Fast Parallel Sorting Under LogP: Experience with the CM-5
Fast Parallel Sorting Under LogP: Experience with the CM-5
In this paper, we analyze four parallel sorting algorithms (bitonic,
column, radix, and sample sort) with the LogP model. LogP characterizes
the performance of modern parallel machines with a small set of parameters:
the communication latency (L), overhead (o), bandwidth (g), and the
number of processors (P). We develop implementations of these algorithms
in Split-C, a parallel extension to C, and compare the performance
predicted by LogP to actual performance on a CM-5 of 32 to 512 processors
for a range of problem sizes. We evaluate the robustness of the algorithms
by varying the distribution and ordering of the key values. We also
briefly examine the sensitivity of the algorithms to the communication parameters.
We show that the LogP model is a valuable guide in the development of
parallel algorithms and a good predictor of implementation performance.

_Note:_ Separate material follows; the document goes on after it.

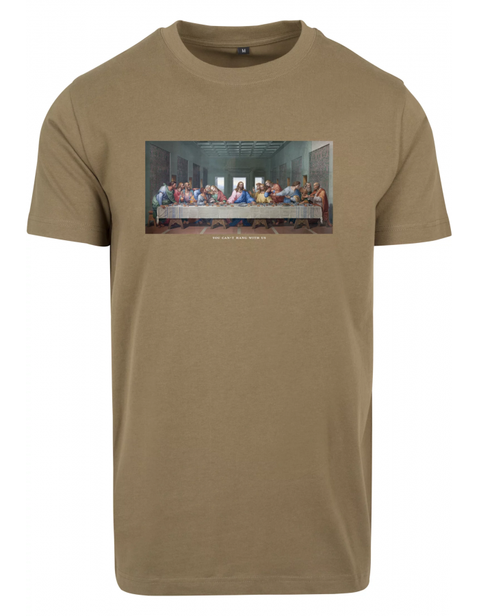 Jak exkluzivní je vaše klika?! Ukažte světu s tímto ikonickým tričkem, že každého do svého kruhu jen tak nepustíte! Potisk na přední straně zobrazuje světoznámý obraz Ježíše a jeho učedníků při Poslední večeři a nápis „Nemůžete se s námi pověsit“, který z tisku činí skutečnou výpověď.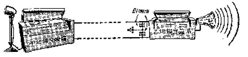 有线广播的音频信号,从甲地传到乙地(如图),那传输线就像接收无线电的天线一样,把无线电广播信号也送到乙地,时常使得有、无线电两种广播混杂起来,结果乙地的喇叭里听不清任何一种广播的声音。

The model encourages the use of data layouts which minimize communication
and balanced communication schedules which avoid contention. With an
empirical model of local processor performance, LogP predictions closely
match observed execution times on uniformly distributed keys across a broad
range of problem and machine sizes. We find that communication performance
is oblivious to the distribution of the key values, whereas the local
processor performance is not; some communication phases are sensitive to
the ordering of keys due to contention. Finally, our analysis shows that
overhead is the most critical communication parameter in the sorting algorithms.